Sonko lance une offensive politique au Sénégal : enjeux et tensions internes

Le Premier ministre sénégalais Ousmane Sonko a choisi de frapper fort. À travers des discours ciblés et des prises de parole publiques, le leader de Pastef intensifie ses critiques envers ses détracteurs, y compris au sein de l’appareil gouvernemental. Cette dynamique survient alors que les relations entre le chef du gouvernement et le président Bassirou Diomaye Faye font l’objet d’analyses divergentes dans l’actualité ouest-africaine. À Dakar comme à l’international, les observateurs analysent le rééquilibrage des forces au sein de la majorité arrivée au pouvoir en mars 2024.

Un virage politique marqué à Dakar

Ces derniers jours, le ton adopté par le Premier ministre contraste avec la prudence affichée lors des premiers mois de son mandat. Ousmane Sonko s’attaque publiquement aux figures de l’ancien régime et à certains acteurs de la société civile, qu’il accuse de manœuvres occultes. Cette approche, largement commentée dans la presse africaine, vise à reconquérir l’espace médiatique et à réaffirmer son leadership au sein de la coalition au pouvoir.

Le Premier ministre concentre ses interventions sur sa base militante. Pastef, parti dissous puis réhabilité avant l’élection présidentielle, conserve un ancrage solide dans les grandes villes et auprès des jeunes. En relançant un discours axé sur la rupture, Sonko cherche à renforcer sa légitimité, issue des élections législatives de novembre 2024, qui ont confirmé la domination de son mouvement à l’Assemblée nationale.

Des proches du Premier ministre mis de côté dans l’administration

L’intervention d’Ousmane Sonko intervient dans un contexte particulier. Plusieurs de ses alliés, considérés comme des piliers du projet Pastef, n’ont pas obtenu les postes stratégiques escomptés au sein du gouvernement ou des structures clés de l’État. Cette exclusion nourrit, en interne, un sentiment de trahison et d’affaiblissement du projet initial au profit de compromis présidentiels jugés trop accommodants.

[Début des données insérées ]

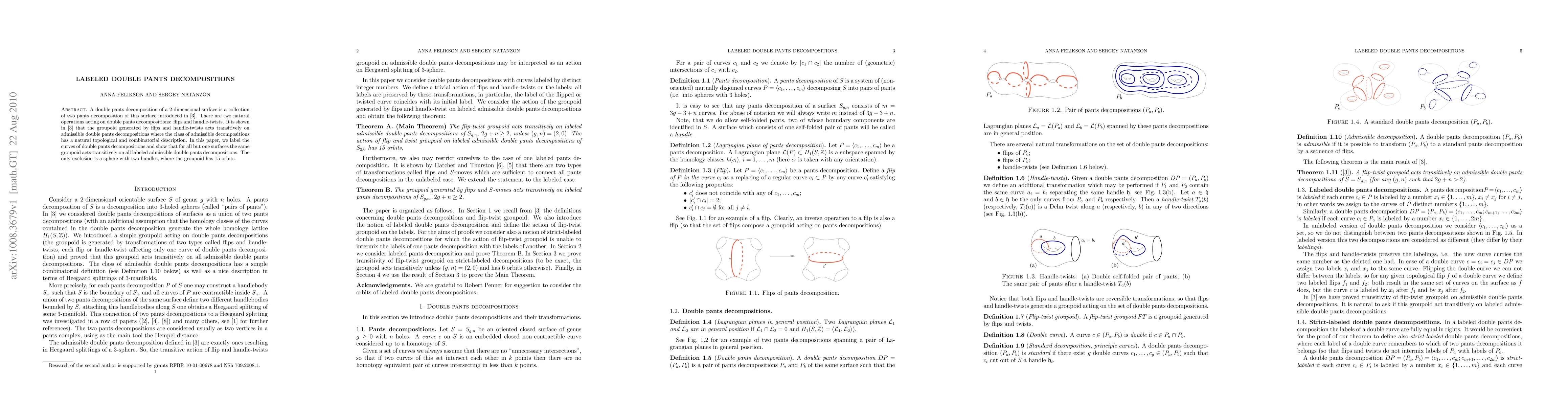 This paper explores labeled double pants decompositions of 2-dimensional surfaces, demonstrating that a specific groupoid acting via flips and handle twists remains transitive on most surfaces, except for a sphere with two handles which has 15 distinct orbits.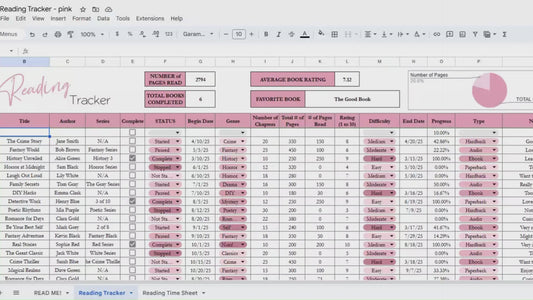 Reading Tracker Template Google Sheets and Excel Spreadsheet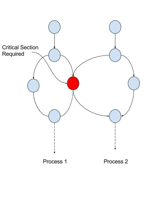 세분화된 잠금 메커니즘이 필요하지 않은 경우, 임계 구역이 중요하다. 위의 경우, A가 x의 업데이트된 값을 읽어야 하는 경우, 프로세스 A와 프로세스 B를 동시에 실행하면 원하는 결과를 얻지 못할 수 있다. 이를 방지하기 위해 변수 x는 임계 구역에 의해 보호된다. 먼저, B가 해당 구역에 접근한다. B가 값을 쓰는 것을 마치면, A가 임계 구역에 접근할 수 있으며, 변수 x를 읽을 수 있다.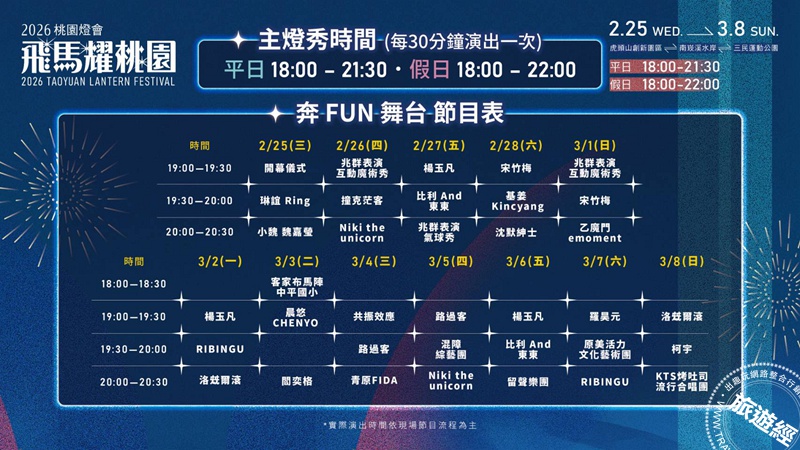 相關資訊可至「2026桃園燈會」官網 (https://2026taoyuanlanternfestival.tycg.tw/) 查詢!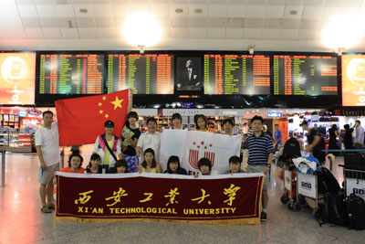 西安工大女篮凯旋 在西安咸阳国际机场合影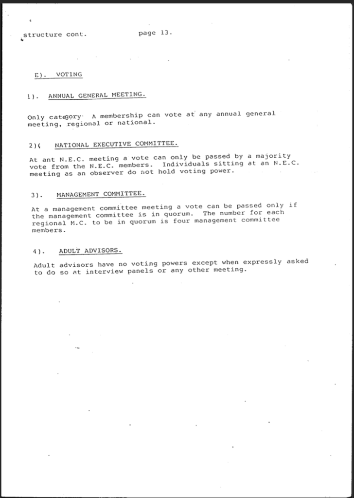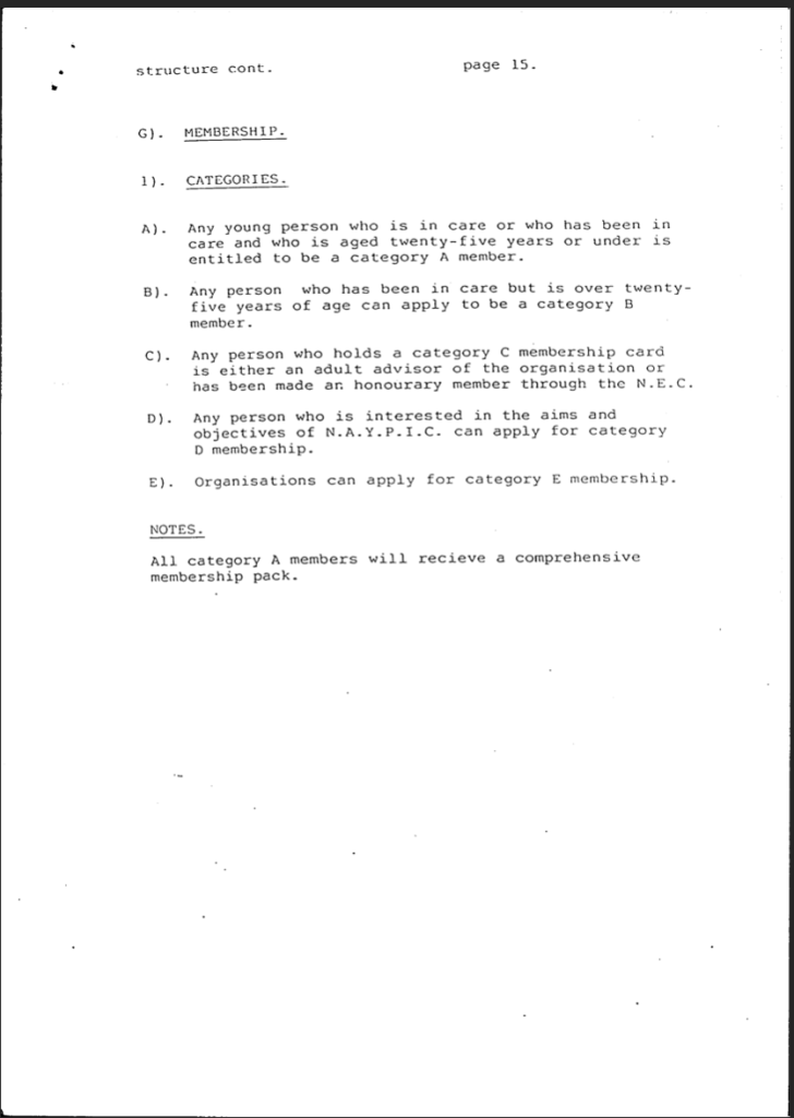National Association of Young People In Care ‘Structure’ voted in at conference 1991 at the ‘Biting Back’ conference by 350 UK children in care.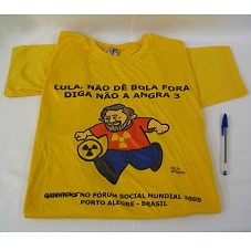 CAMISETA (TAM G) EM MALHA AMARELA, DE MANGA CURTA. POSSUI DESENHO DE AUTORIA DE FÉLIX REINERS, DO PRESIDENTE LULA CHUTANDO UMA BOLA COM SÍMBOLO RADIOATIVO; E A INSCRIÇÃO 'LULA, NÃO DÊ BOLA FORA / DIGA NÃO A ANGRA 3 / GREENPEACE NO FÓRUM SOCIAL MUNDIAL 2005 / PORTO ALEGRE - BRASIL'.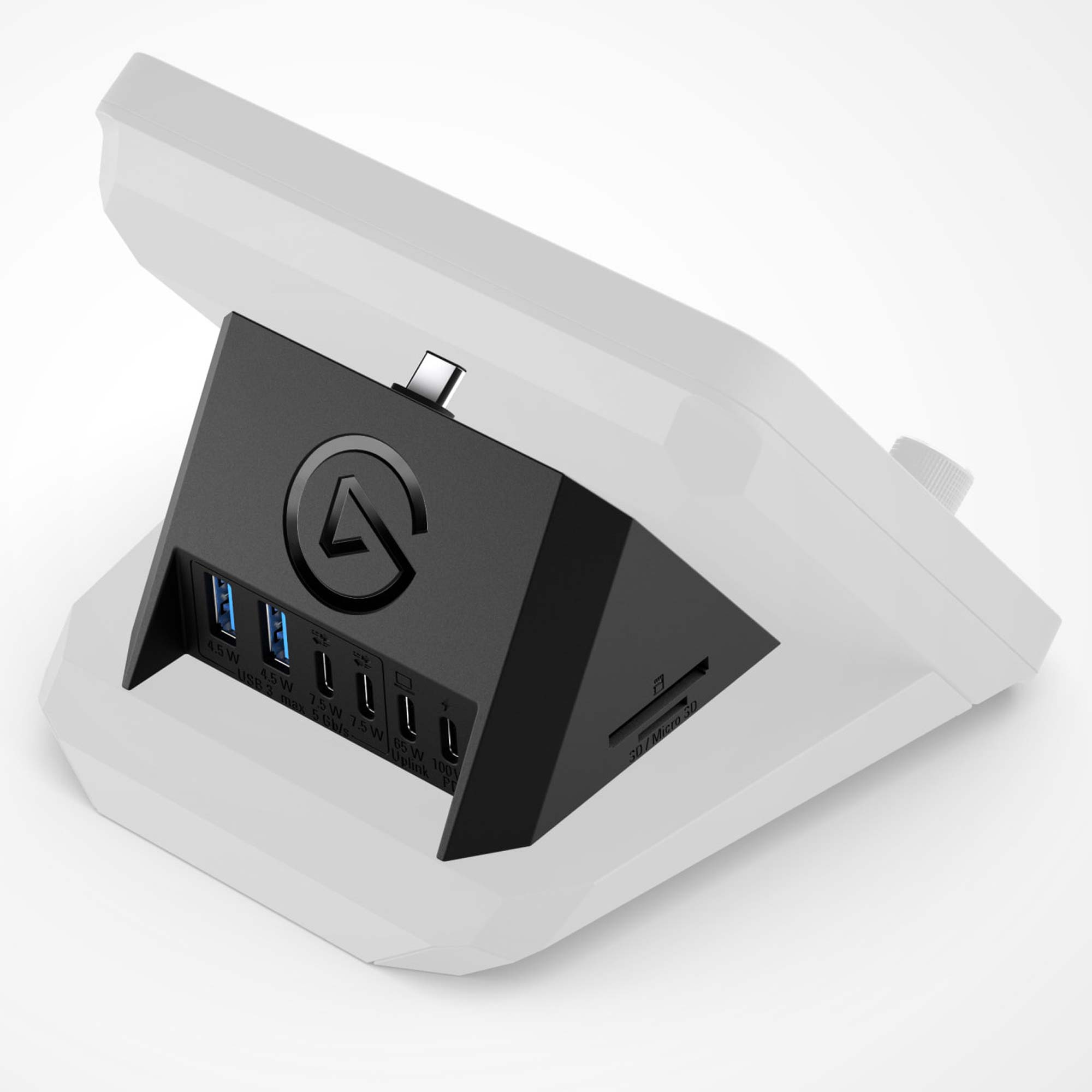 Elgato USB Hub per Stream Deck+ espande la connettivit? con 2 porte USB-A, 2 USB-C, lettore SD/microSD, integrandosi perfettamente per una gestione ottimale dei dispositivi.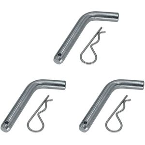 The 5/8 inch diameter of this hitch pin is designed to fit any 2 inch diameter receiver hitch ball mount or other trailer hitch accessories with a 5/8 inch pin hole. This 5/8 inch hitch pin is simple and easy to install on your hitch coupler by securing firmly with the clip and gives your ball mount and other receiver tube inserts an extra secure grip while towing. The trailer hitch pin is made of solid steel for reliable strength and safety on the road. The curved handle trailer hitch pin makes it easy to use and allows the pin to stay securely connected to your trailer hitch and ball mount. The bend creates a useful handle for better grip and allows the pin to stay securely engaged in the trailer hitch and ball mount. The hitch pin is protected by a zinc-plated finish for use, maintains excellent resistance to damage from rain, dirt, road salt, rust and any other corrosives. This receiver hitch pin is a perfect fit for most of your trailer hitches. Color: silver Material: metal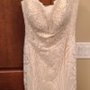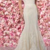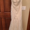 This strapless wedding gown with soft flowing skirt. The gown is gorgeous in the pretty diamond white/nude color.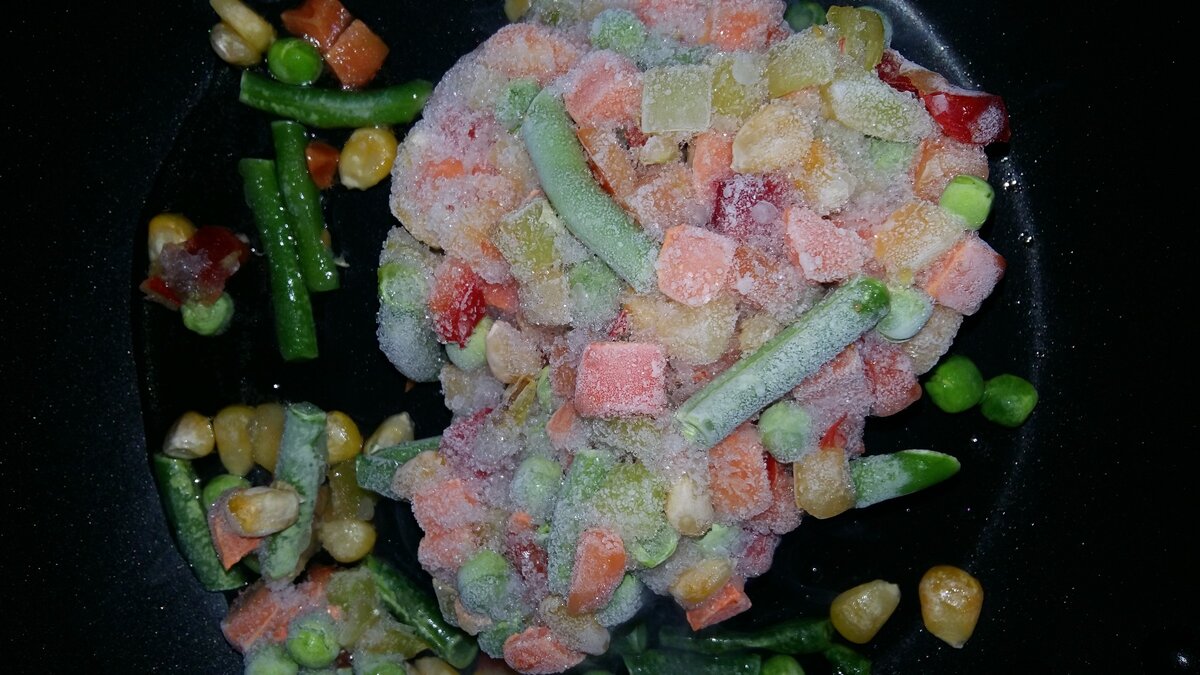 Хочу поделиться рецептом быстрого гарнира из морозилки. Нам понадобится Отвариваем рис до полуготовности. Я взяла рис в пакетиках. Ставим на огонь сковороду. Наливает столовую ложку масла и кладём нашу заморозку. Добавляем немного воды. Тушим минут 5. Далее туда же добавляем рис. Хорошенько перемешиваем и добавляем соевый соус. Не много. Обжариваем смесь до испарения жидкости. Готово! Приятного аппетита.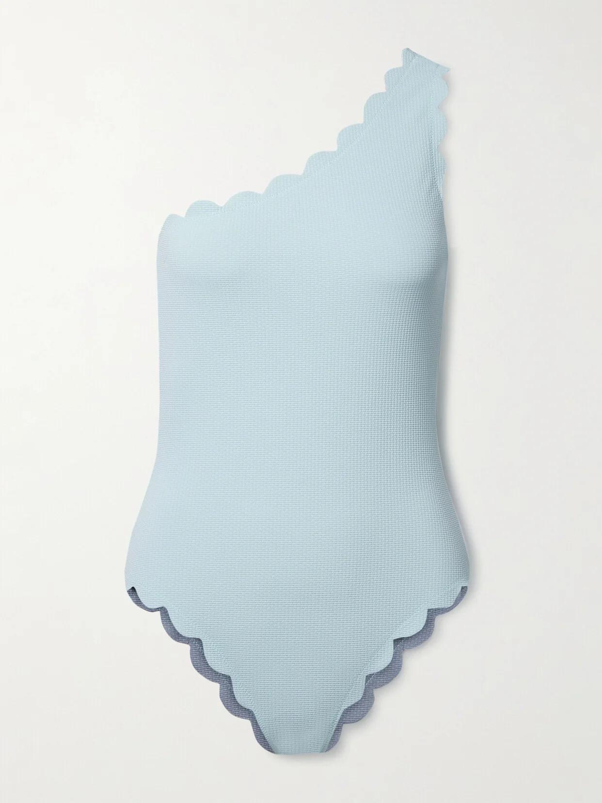 Santa Barbara Reversible One-shoulder Scalloped Seersucker Swimsuit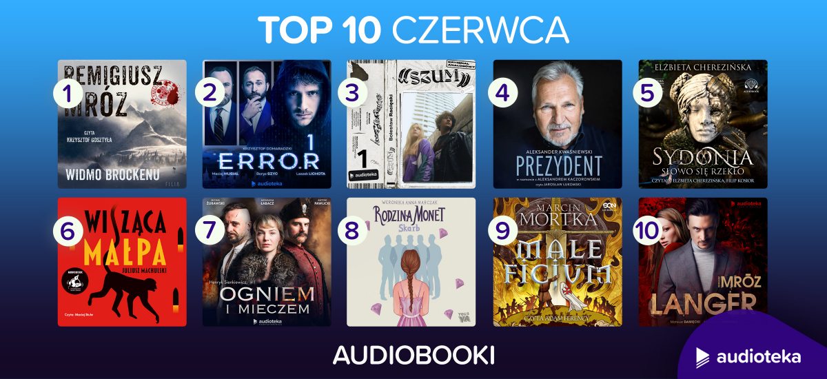 Nieco inaczej kształtuje się natomiast zestawienie najchętniej słuchanych audiobooków w czerwcu, które przygotowane zostało przez platformę Audioteka. Choć niektóre z pozycji powtarzają się w stosunku do zestawień Empiku czy Taniej Książki, to jednocześnie w zestawieniu Aduioteki pojawia się wiele dotychczas niewymienionych pozycji.

Les tensions restent discrètes mais réelles. Plusieurs cadres historiques du parti, discrets depuis l’arrivée au pouvoir, voient leur influence s’amenuiser face à des profils techniques recrutés autour de la présidence. En s’adressant directement à ses partisans, Sonko rappelle que l’idéologie fondatrice du pouvoir reste celle de Pastef. Cette manœuvre vise à rassurer les militants désillusionnés et à envoyer un message clair au palais présidentiel.

Un leadership contesté aux répercussions régionales

Au-delà des frontières sénégalaises, le conflit larvé entre la Primature et la présidence intéresse les observateurs internationaux. Le Sénégal joue un rôle clé dans une Afrique de l’Ouest marquée par les bouleversements sahéliens et la refonte de la CEDEAO. Toute instabilité au sommet de l’État sénégalais pourrait impacter la diplomatie régionale, notamment dans les négociations avec les juntes du Mali, du Burkina Faso et du Niger.

Pour les investisseurs et les partenaires financiers, la cohérence du duo exécutif est un critère essentiel. Les discussions en cours avec le FMI sur la viabilité de la dette, après la révélation d’un état des finances publiques dégradé issu de l’ère Macky Sall, nécessitent une communication gouvernementale unifiée. Pourtant, les déclarations du Premier ministre, perçues comme une volonté d’affirmation personnelle, risquent de brouiller le message officiel concernant les réformes structurelles et la trajectoire budgétaire du référentiel Sénégal 2050.

Cependant, Ousmane Sonko dispose d’atouts majeurs. Sa majorité parlementaire, sa popularité auprès des jeunes et son contrôle sur le parti lui offrent une marge de manœuvre exceptionnelle pour un chef de gouvernement. La question centrale reste de savoir si cette offensive verbale annonce un remaniement, une réorientation stratégique ou simplement une consolidation de son autorité au sein de sa formation politique.